**EXERCISE GOAL:** Return the data below exactly, but only from the line containing "Illustrative Photomontage - HVAC" through the line containing "DMO 125 P HI DYN", with both of those lines included.

**DATA IN THIS EXERCISE:**
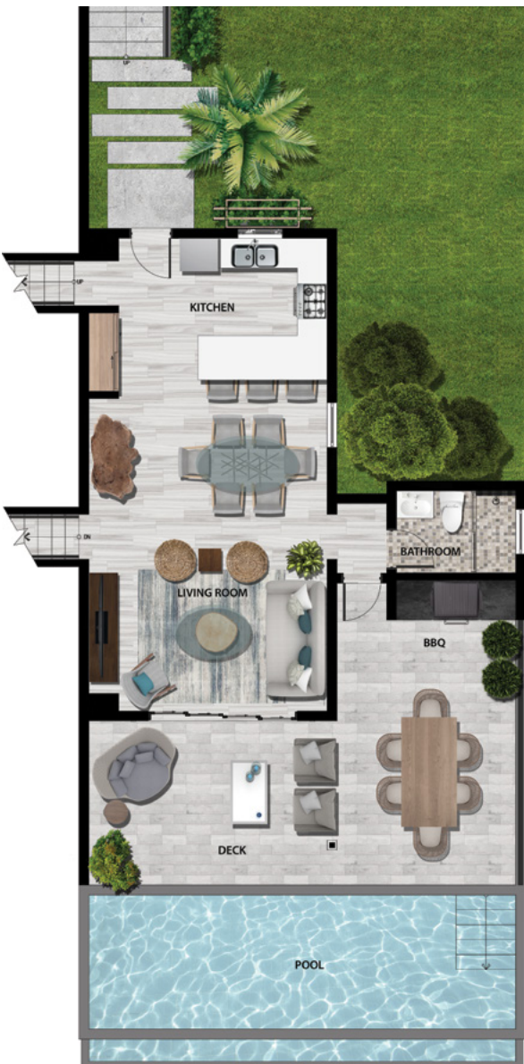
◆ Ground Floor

* * *

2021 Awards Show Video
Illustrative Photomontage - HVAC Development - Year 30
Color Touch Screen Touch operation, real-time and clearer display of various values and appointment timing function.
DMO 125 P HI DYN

**WRITTEN RESPONSE:**
Illustrative Photomontage - HVAC Development - Year 30
Color Touch Screen Touch operation, real-time and clearer display of various values and appointment timing function.
DMO 125 P HI DYN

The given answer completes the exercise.